MRS. EDDY tells us that "spiritual teaching must always be by symbols" (Science and Health, p. 57). and she cites Jesus' methods in evidence of the correctness of this statement. Pure ideas exist in the divine Mind and are made known to humanity in such ways as the individual is able to understand. Thus we have in the first chapter of Genesis a series of pictures which present the unfolding of these ideas,—pictures which are as differently regarded by mankind as a great work of art would be by those whose opinions differed entirely because of education, temperament, etc. There is, however, one thing which should appeal to all students of the Bible who scan this great panorama, viz.. that God saw in it the reflection of perfect intelligence and pronounced it "good." It is also stated that the divine creation was complete, or "finished," so that anything differing from it could not be the work of the divine artist, but merely a mortal concept expressive of the belief that good and evil may blend though they are antagonistic, and though this asserted blending produces perpetual strife and suffering.
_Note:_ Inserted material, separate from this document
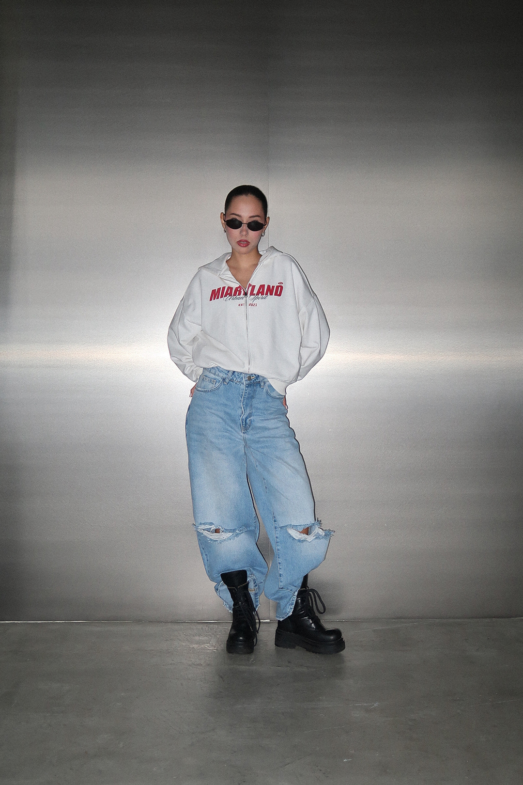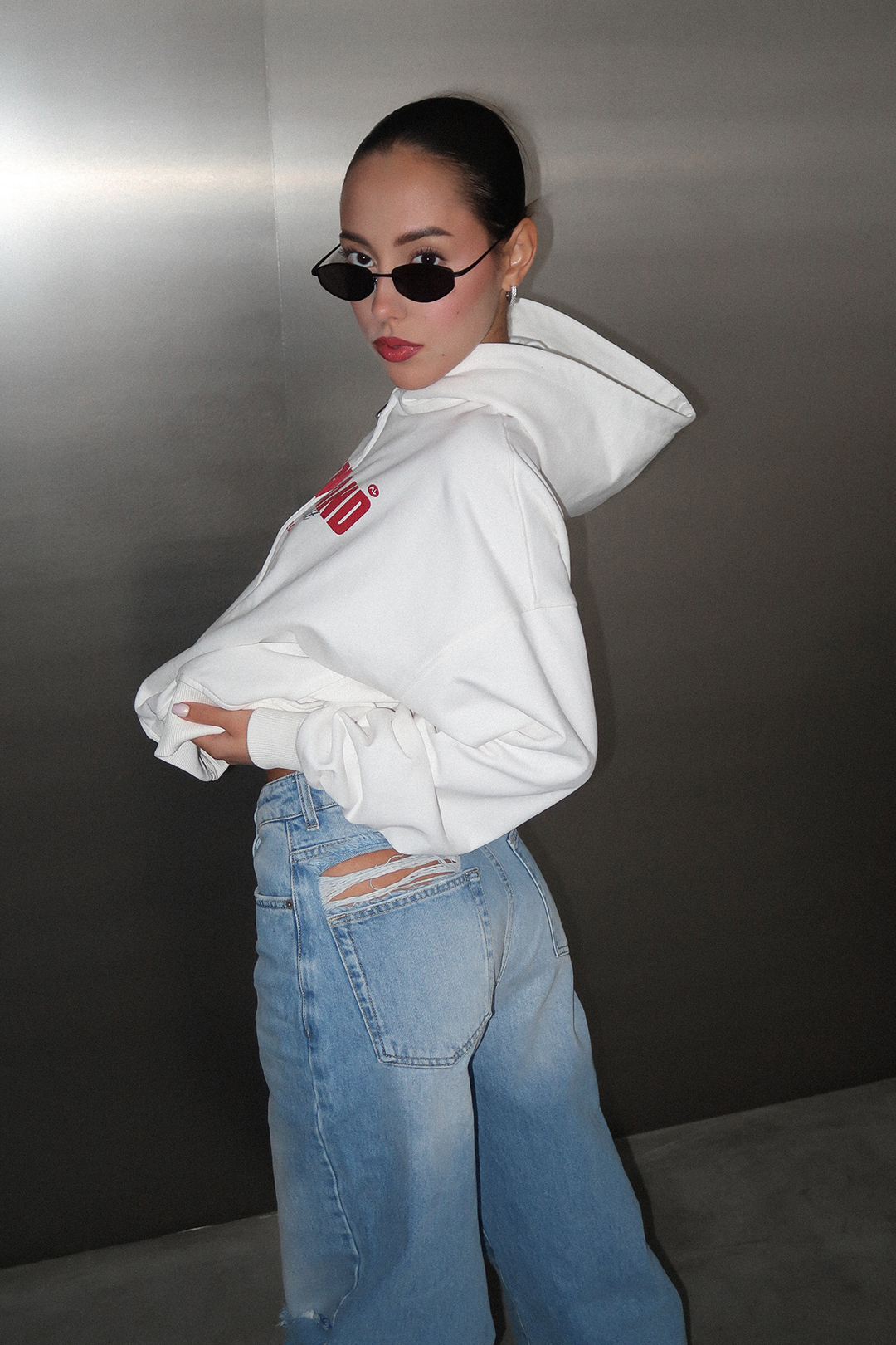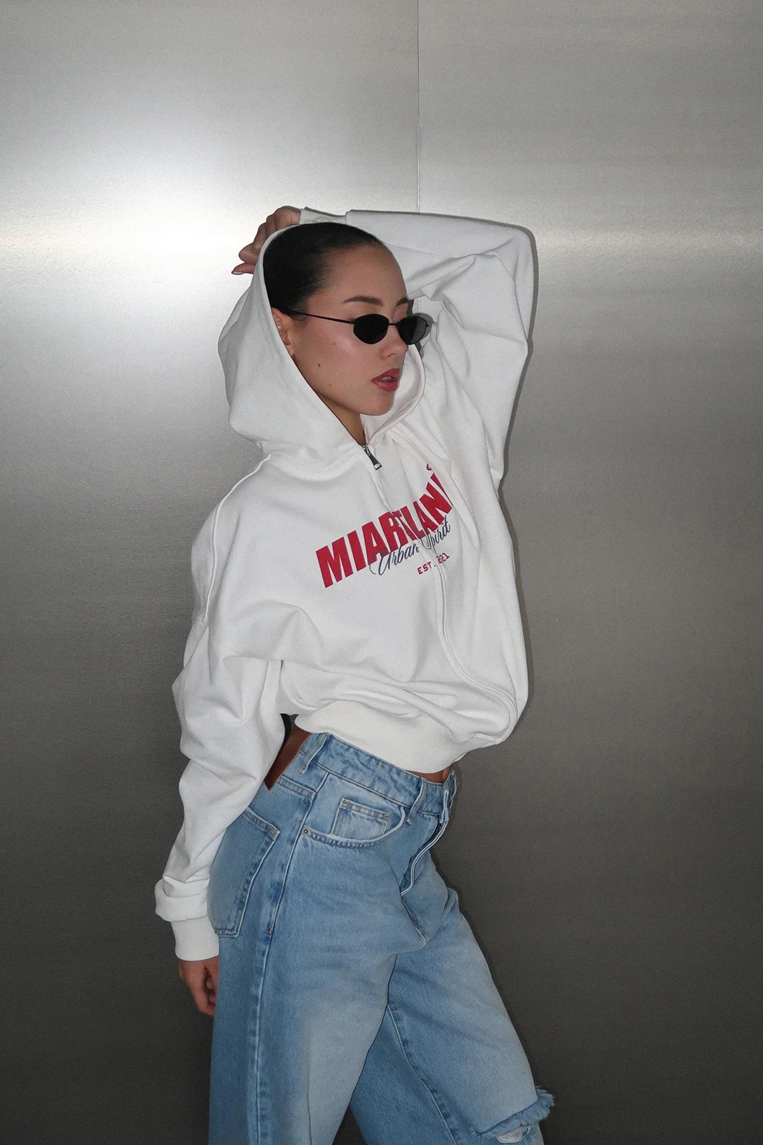 Зип худи средней длины выполнен из 100% плотного хлопкового материала
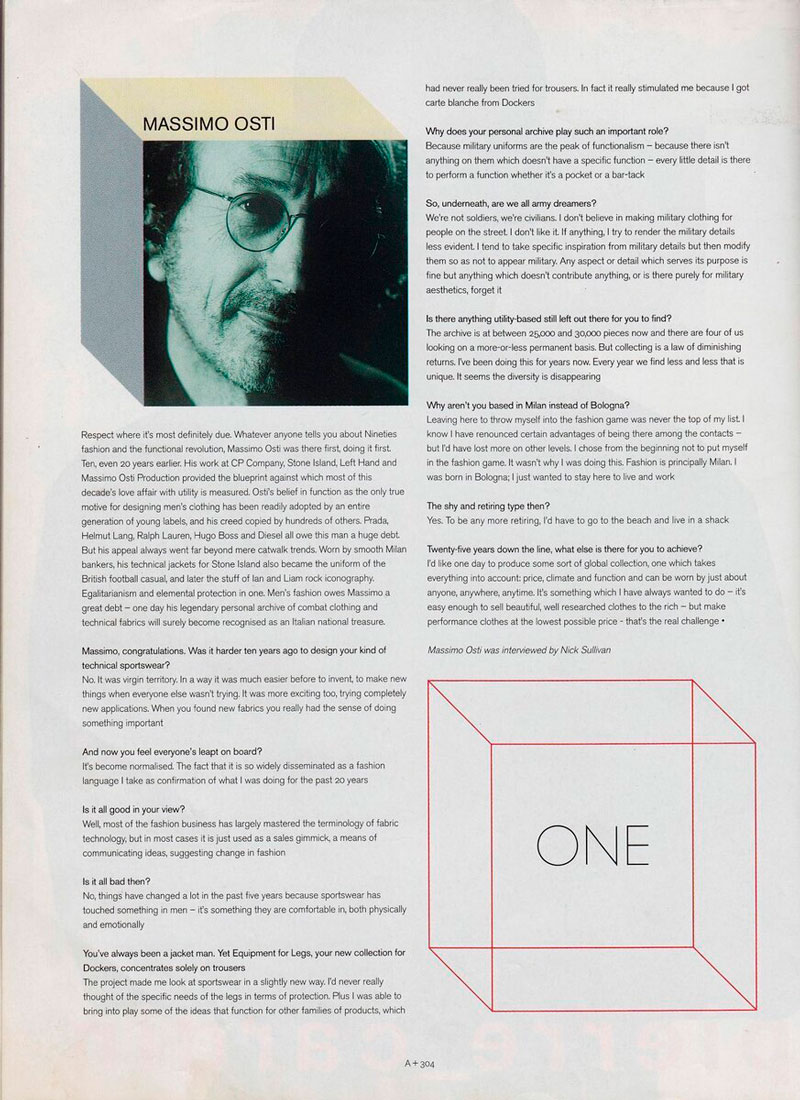 Несмотря на то, что к 91-му Массимо продал 100% акций C.P. Company и Stone Island, он оставался главным дизайнером (до 94-го). После ухода из C.P. брался за новые проекты, ведь поток сознания был ого-го: Left Hand (Ости был левшой), ST95, Homage to Alvar Aalto, Dockers Equipment for Legs, Levi's ICD/ICD+ в духе «Бегущего по лезвию» и многие другие. Эти бренды не выстрелили, как C.P., но это интересная веха в карьере дизайнера. В 99-м Arena Homme+ (журнал) назвал Массимо Ости «самым влиятельным человеком в мужской моде 90-х». Спорить с этим невозможно, даже пытаться не будем!

In the latter part of the prophecy of Ezekiel we find symbolic pictures of human conditions into which the truth is entering and producing its inevitable changes for the better. These pictures are in many respects similar to those which St. John saw in the vision on Patmos, except that in the latter materiality wholly disappears, and with it all sin, sorrow, disease, and death. In Ezekiel's vision is a picture of ecclesiasticism with its oblations and sacrifices which can never "make the comers thereunto perfect," as we read in the epistle to the Hebrews. Then we have a man with "a measuring reed" (as also in Zechariah's vision); and again, in Revelation, we are told that an angel gave John a reed, saying, "Rise, and measure the temple of God, and the altar, and them that worship therein."
The demand for justice (symbolized by the measuring reed) is made throughout all 'the ages, but the command given through Ezekiel is of special" significance at this period when the Science of Spirit is measuring the results of thousands of years of ecclesiasticism by the demand of Christ, "Be ye therefore perfect." The prophet says, "Remove violence and spoil, and execute judgment and justice, take away your exactions from my people, saith the Lord God Ye shall have just balances, and a just ephah." In the 47th chapter we read of the waters which issued from the house (or temple) in an ever deepening stream, until it became a river with trees on either side, as in Johns vision of the "pure river of water of life." Ezekiel tells us that every thing touched by these waters was healed; and he says, "Every thing shall live whither the river cometh" In' both of 'these books we are told that the city had twelve gates, and Ezekiel says that its name shall be, "The Lord is there."